Most people bake multi-threading into the application code that they write. This is malpractice.
(And since the severity of a malpractice is a function of its inherent malignance, which is already pretty bad, multiplied by its pervasiveness, which is almost universal, it is a very severe malpractice. The severity of this malpractice is of truly astronomical proportions.)
The bane of multi-threading is race conditions. Code which has been written with specific knowledge of multi-threading utilizes synchronization (locks) to avoid race conditions; however, a little fact which seems to go unnoticed by most people out there is this:
There exists no unit test that will ever detect a race condition.
This has an inescapable and grave implication:
All multi-threaded code is untestable.
Testing is not something that you can apply as an after-thought; you cannot design and build a system and only then start to worry how you are going to test it; testing is so important, that you have to begin with architectural choices that facilitate it.
In order to build software systems that utilize multi-threading and are also testable, you have to start treating multi-threading not as an application-logic concern, but instead as a system deployment and wiring concern. The only code that should know anything about threading should be the relatively small amount of initialization code that runs during system startup and wires up the system before proceeding to show-time.
All application-logic must be completely agnostic of the threading regime under which it has been wired to run: it should run just the same single-threaded, or in multiple discrete threads, or in a thread pool, or in a fiber pool. The wiring code should be able to choose a different threading regime, and your application-logic code should continue working the same way, without having the slightest clue that this happened. (The only difference should be performance.)

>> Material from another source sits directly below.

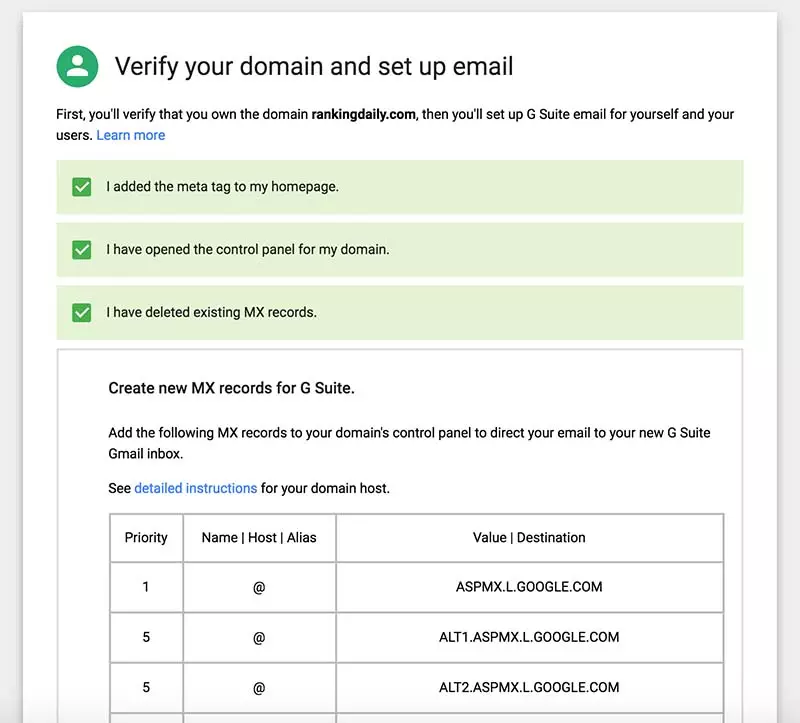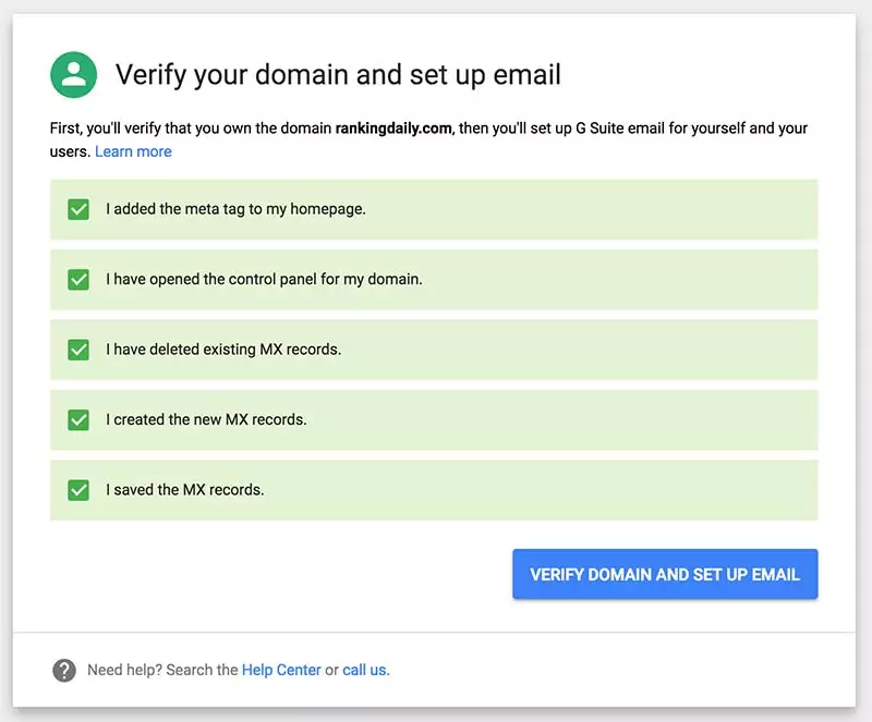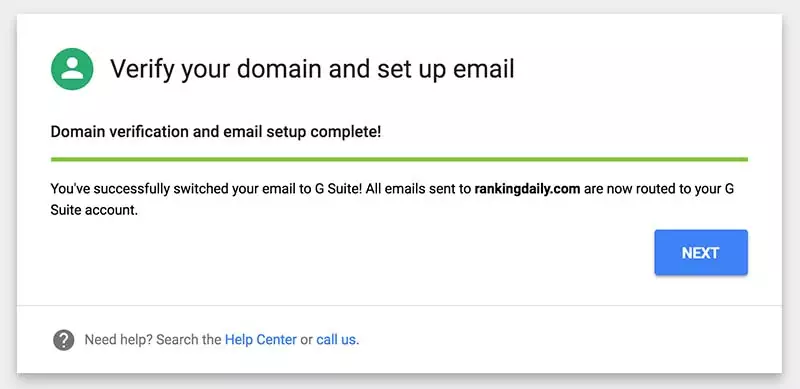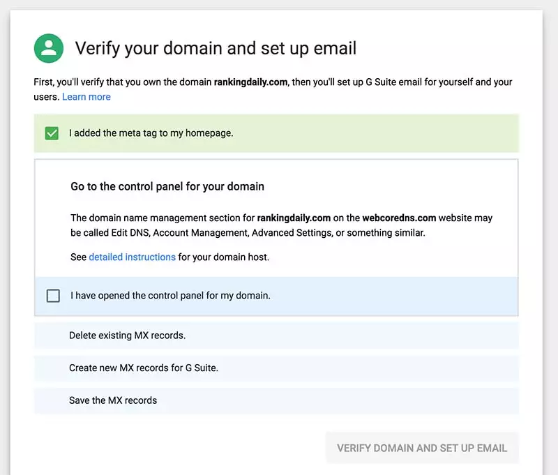 Click the ‘Verify domain and set up email’ to continue button. Once this check is complete you will be presented with the following screen:

This means that application-logic components have to be decoupled so strongly, that there can be no possibility of race conditions when they are run in parallel.
The way we usually achieve this is with event-driven systems in which components share data not by means of synchronization, but instead by passing immutable messages via message queues. Essentially, the only piece of code in the entire system which utilizes synchronization is the queue abstract data type that is used to implement the message queues. The idea is that we should be able to get at least that little part right.
Once you go through the pains necessary to achieve all of this, testing the application-logic becomes quite simple and straightforward: there is no need for any special testing patterns for testing multi-threaded code, because when you test components, you wire them to run under a strictly single-threaded regime.
Incidentally, this also makes debugging magnificently easier.